- [What the task requires] Could you repeat the entries below exactly, but only from the line with "Ширина: 800 мм, 900" through the line with "Parrilla doble 30x30cm", and without any picture?
==== Data for processing
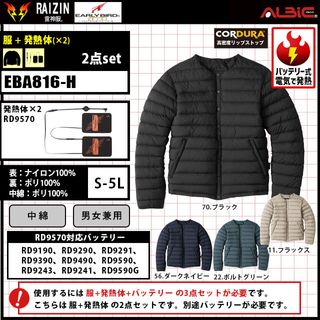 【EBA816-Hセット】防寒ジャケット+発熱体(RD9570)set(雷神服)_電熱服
========
==== Data for processing
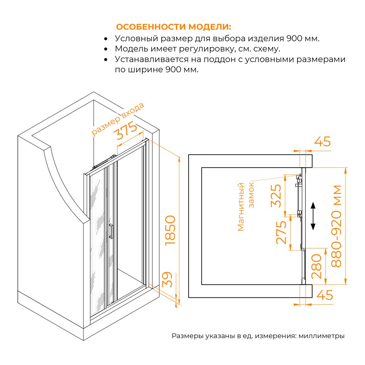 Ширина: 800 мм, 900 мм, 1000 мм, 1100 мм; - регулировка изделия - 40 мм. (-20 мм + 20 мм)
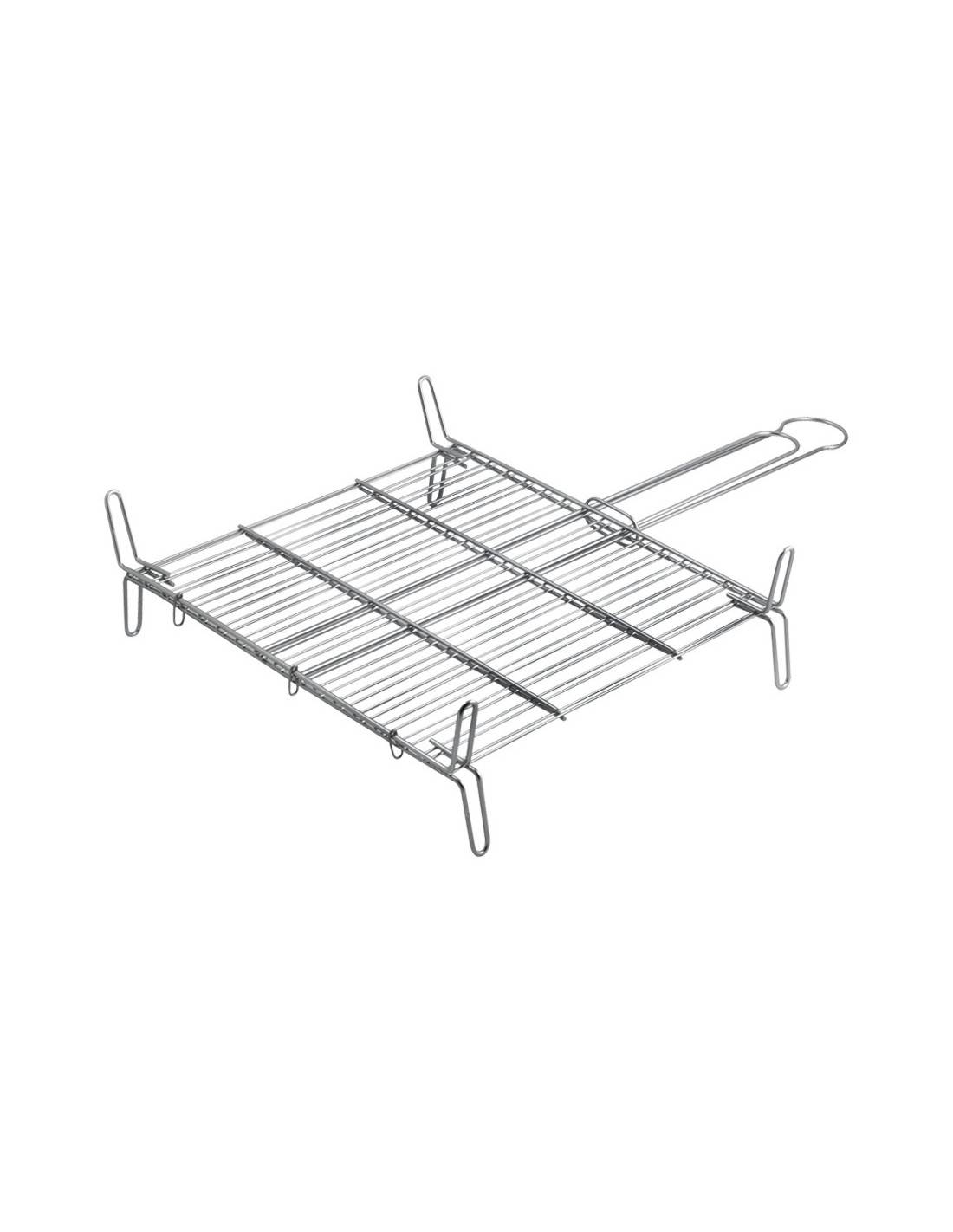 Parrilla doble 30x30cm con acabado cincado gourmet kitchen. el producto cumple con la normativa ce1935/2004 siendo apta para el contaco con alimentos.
========
- [Expected output]
 Ширина: 800 мм, 900 мм, 1000 мм, 1100 мм; - регулировка изделия - 40 мм. (-20 мм + 20 мм)
 Parrilla doble 30x30cm con acabado cincado gourmet kitchen. el producto cumple con la normativa ce1935/2004 siendo apta para el contaco con alimentos.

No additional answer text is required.